I recently came back from vacationing in The Bahamas and I fell in love with the local cuisine! The fresh fruit, vegetables and seafood made my vacation a Pescatarain heaven! Aside from the crystal clear ocean with white sand beaches, their food would draw me back for more.

Below are some simple, fresh, local, Bahamaian ingredients. They should be on your must-try food list when you are in The Bahamas.

Soursop (Annona muricata)- aka Graviola

Soursop

This evergreen fruit are all over The Bahamas. They are commonly grown in the Caribbean and Latin America. They look like a big kiwi fruit with bigger thorns on the skin.

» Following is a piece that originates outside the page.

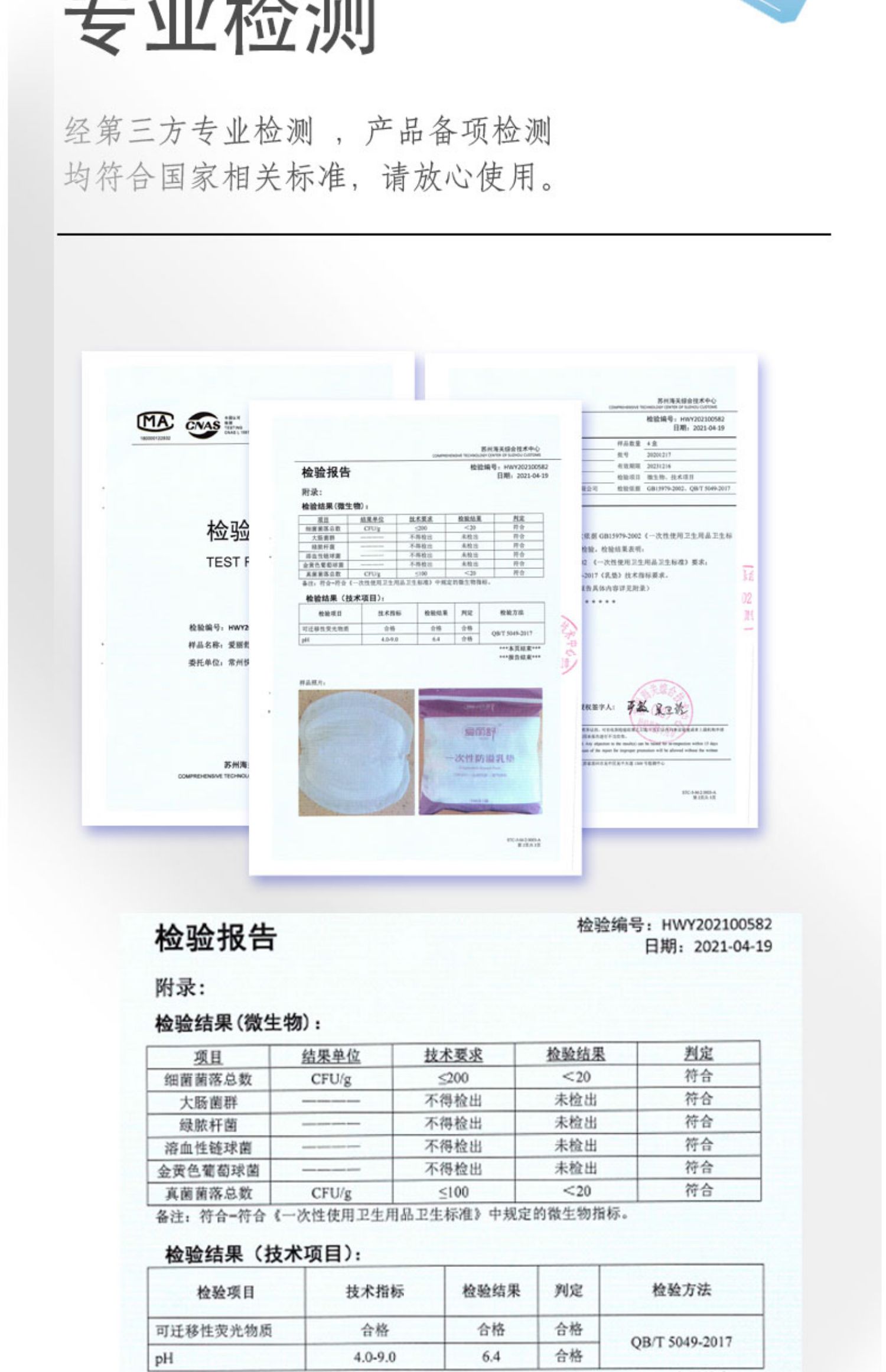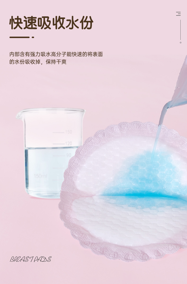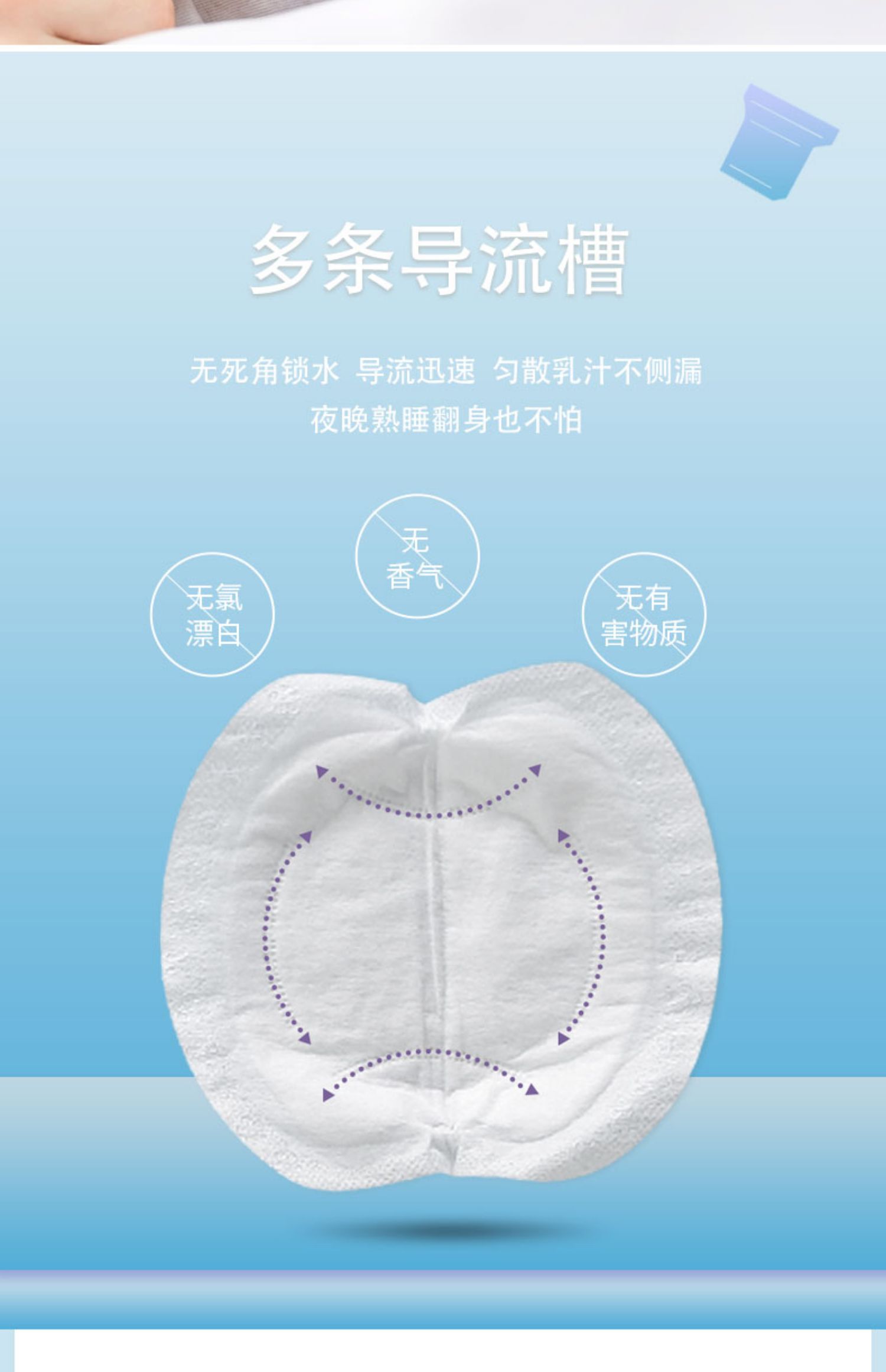 弹力收缩,柔软舒适,透气性好,强力锁水,独立包装,多条导流槽,无死角锁水导流迅速均散乳汁不侧漏,双层背胶,更好的贴合在内衣上,内部强力吸水高分子,快速吸收溢出的奶汁,无荧光剂,给您自然纯粹的贴心呵护~

Nutritionally, soursop is low in sodium,while rich in fiber, vitamin C, magnesium and potassium. It also have good amount of vitamin B1 and B3. The fruit also have some purported anti-cancer benefits. See link for detailed nutritional info.

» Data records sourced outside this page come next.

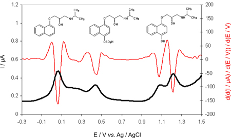 The voltammetric methods for propranolol and metabolites were proposed. The differential pulse voltammetry method on glassy carbon electrode could be used for simultaneous determination of mentioned species in urine sample after the enrichment step.
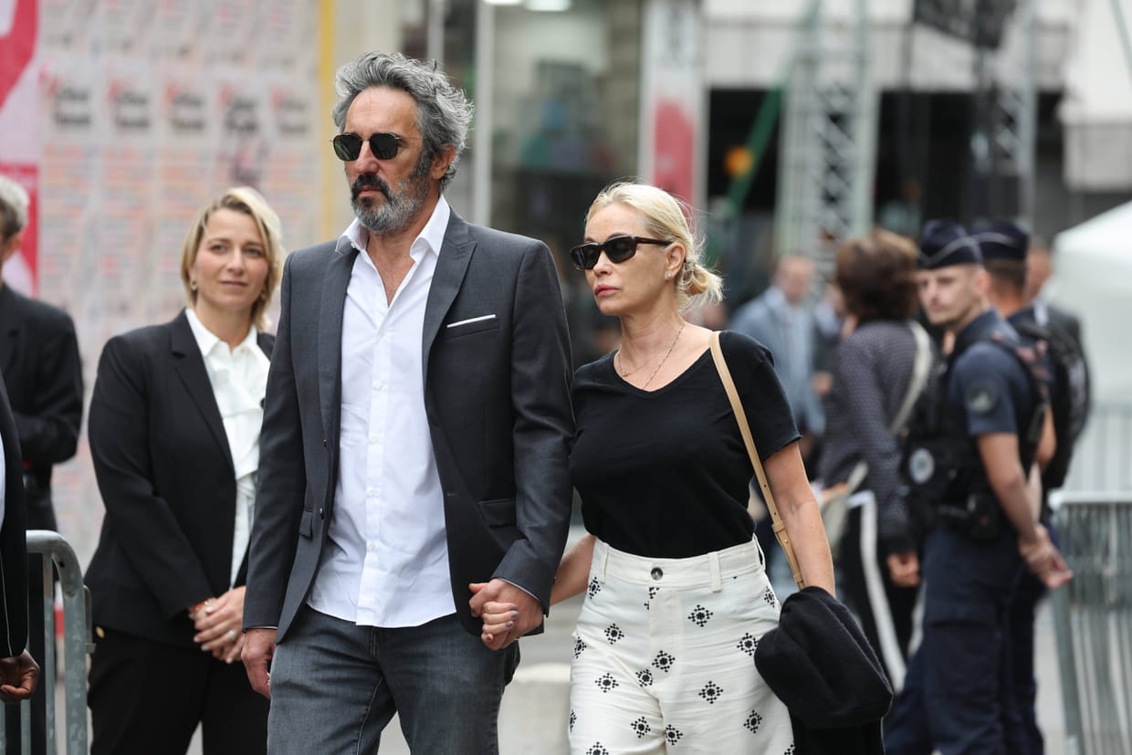 Obsèques de Jane Birkin : Emmanuelle Béart et son conjoint Frédéric Chaudier arrivent à la cérémonie
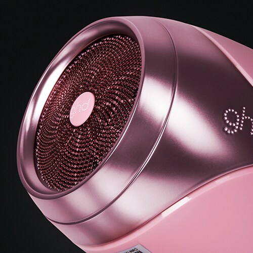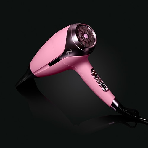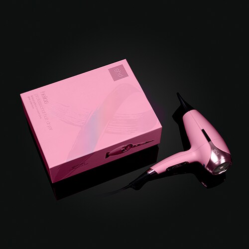 Χαρείτε το limited edition σεσουάρ ghd helios σε απόχρωση ροζ φοντάν που έρχεται μαζί με το ειδικά διαμορφωμένο επαγγελματικό στόμιο.
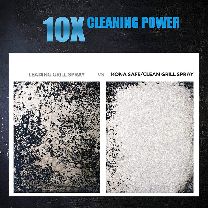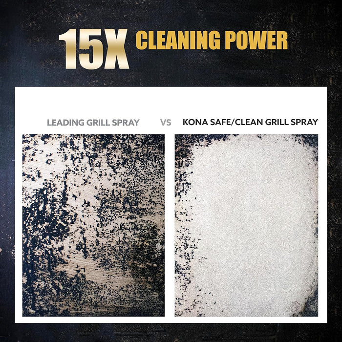• BEST NO-DRIP GRILL & OVEN DEGREASING - Watch grease dissolve with the new Kona Safe/Clean grill cleaner. A breakthrough powerful spray cleaner that breaks down tough grease & char stains by clinging to the surface rather than dripping off. Removes tough baked in grease, dirt and food particles.
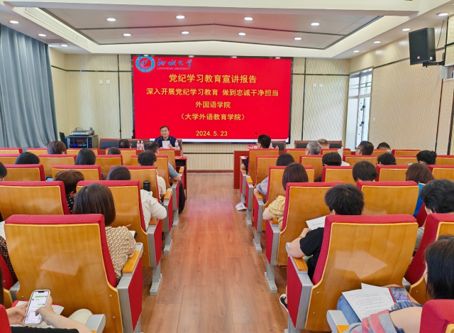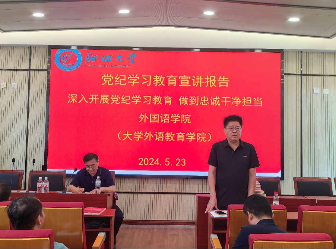 为切实推动党纪学习教育走深走实,教育引导广大党员干部学纪、知纪、明纪、守纪,5月23日,mk体育(大学外语教育公司)在公司教学楼C405报告厅开展党纪学习教育理论宣讲。宣讲会由公司党委书记王洪月主持,本次宣讲邀请到公司党纪学习教育宣讲团成员、马克思主义公司周浩集教授主讲。
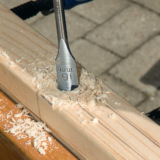 Borra igenom med ett 16 mm-centrumborr, först från den ena och sedan från den andra sidan. Då blir det mest exakt.
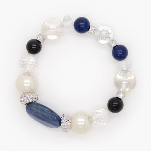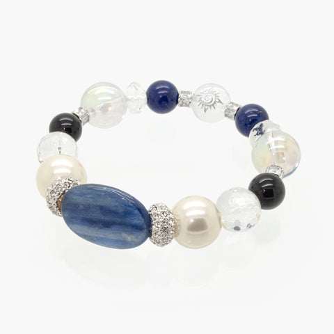 これらの石の並びは、カイアナイトが1つ、刻印入り水晶が1つ、パールが2つ、ブルータイガーアイが2つ、ラピスラズリも2つという、数字で言うと1と2というバランスになっております。意味合い的には1がスタート、2がご縁。全て物事は、スタート(始まり)とご縁です。人との繋がりはご縁から始まりますので、とても縁起の良いデザインではないかと思っております。
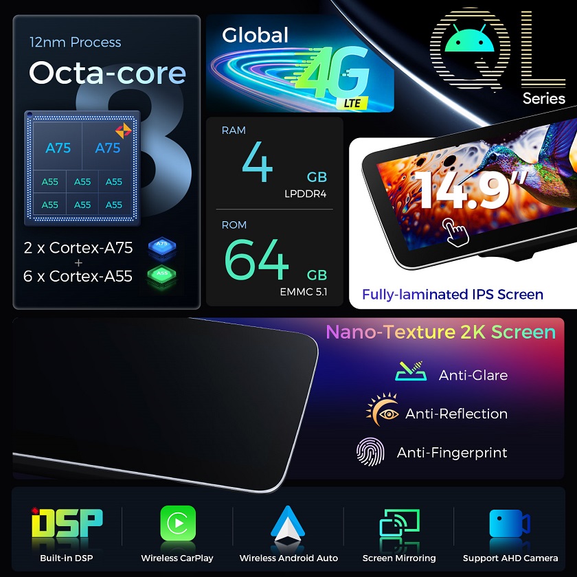 Immerse yourself in brilliance with our 14.9″ Grade-A 2K IPS screen. Enjoy vibrant colours, sharp clarity and expansive visuals with its ultra-wide 32:9 aspect ratio. Seamlessly access content and apps without tab-switching for ultimate driver convenience.
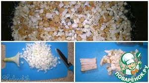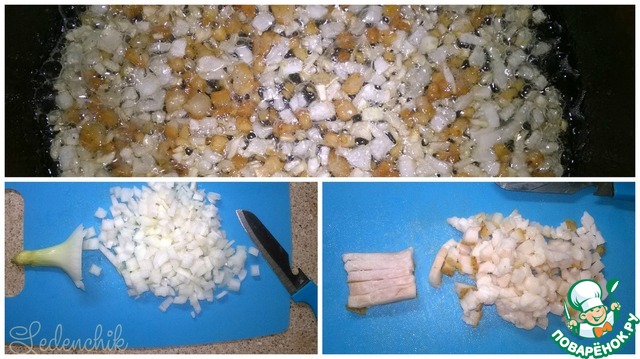 Сало и лук нарезать мелким кубиком, обжарить на сковородке до кремовго цвета лука

Sweet with a slight tangy taste, you can enjoy them as a refreshing drink or simply dig into the juicy fruit raw. In The Bahamas, I see a lot of them served as a sorbet (my favorite way to eat the fruit).

Stone Crab Claws

Another popular food in The Bahamas are the Stone Crab Claws. These crabs are sustainable (according to NOAA FishWatch) and can regenerate their claws. Fishermen usually take one claw from the crab while returning the crab back into the water for them to regenerate. They are harvested fresh from October to May, but are readily available frozen at most local restaurants all season long.

Stone Crab claws have a sweet taste, very meaty compared to other types of crabs. You can enjoy the claws cold (with a little bit of a tangy sauce) or warm with some butter and lemon.

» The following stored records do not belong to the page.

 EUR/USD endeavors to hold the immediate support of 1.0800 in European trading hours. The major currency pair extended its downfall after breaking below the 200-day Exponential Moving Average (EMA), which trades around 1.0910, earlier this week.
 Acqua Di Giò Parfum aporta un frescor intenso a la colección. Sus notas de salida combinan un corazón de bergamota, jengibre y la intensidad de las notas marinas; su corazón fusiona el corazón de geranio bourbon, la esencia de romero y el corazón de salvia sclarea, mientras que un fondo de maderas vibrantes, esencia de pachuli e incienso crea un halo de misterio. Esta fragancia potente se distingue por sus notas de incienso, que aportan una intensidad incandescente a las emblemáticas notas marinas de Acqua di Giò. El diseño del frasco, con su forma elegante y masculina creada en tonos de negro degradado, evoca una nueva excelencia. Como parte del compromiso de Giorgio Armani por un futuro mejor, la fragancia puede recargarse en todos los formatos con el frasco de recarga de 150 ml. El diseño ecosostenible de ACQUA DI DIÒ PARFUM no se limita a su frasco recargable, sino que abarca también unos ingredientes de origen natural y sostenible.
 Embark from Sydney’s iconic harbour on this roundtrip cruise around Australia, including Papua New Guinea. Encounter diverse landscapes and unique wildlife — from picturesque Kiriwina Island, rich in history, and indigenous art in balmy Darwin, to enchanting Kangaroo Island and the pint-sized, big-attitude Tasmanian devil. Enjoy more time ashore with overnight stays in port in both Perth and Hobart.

Nutritionally, they are a good source of protein, vitamin B6, selenium, and magnesium.

Grouper

allreceipe.com Blackened grouper Bahamian Style

Another delicious food that is popular in The Bahamas is the grouper. While there are a lot of different variety of groupers, The Bahamas have a type of local grouper called Nassau grouper, common throughout most parts of the Caribbean.

I have seen this dish prepared one of three ways, broiled, grilled or fried. It is very sweet and tender, not at all “fishy” in its taste. I would recommended it for seafood and non-seafood lovers alike. My favorite version of this dish is the blackened grouper, which is a grilled grouper cooked with Cajun spice. It adds a smokiness to the taste….yummm

Groupers are large fish and a good source of protein and omega 3. It is also rich in vitamin B6, B12, folate, magnesisum, potassium and selenium. See here for detailed nutrition info.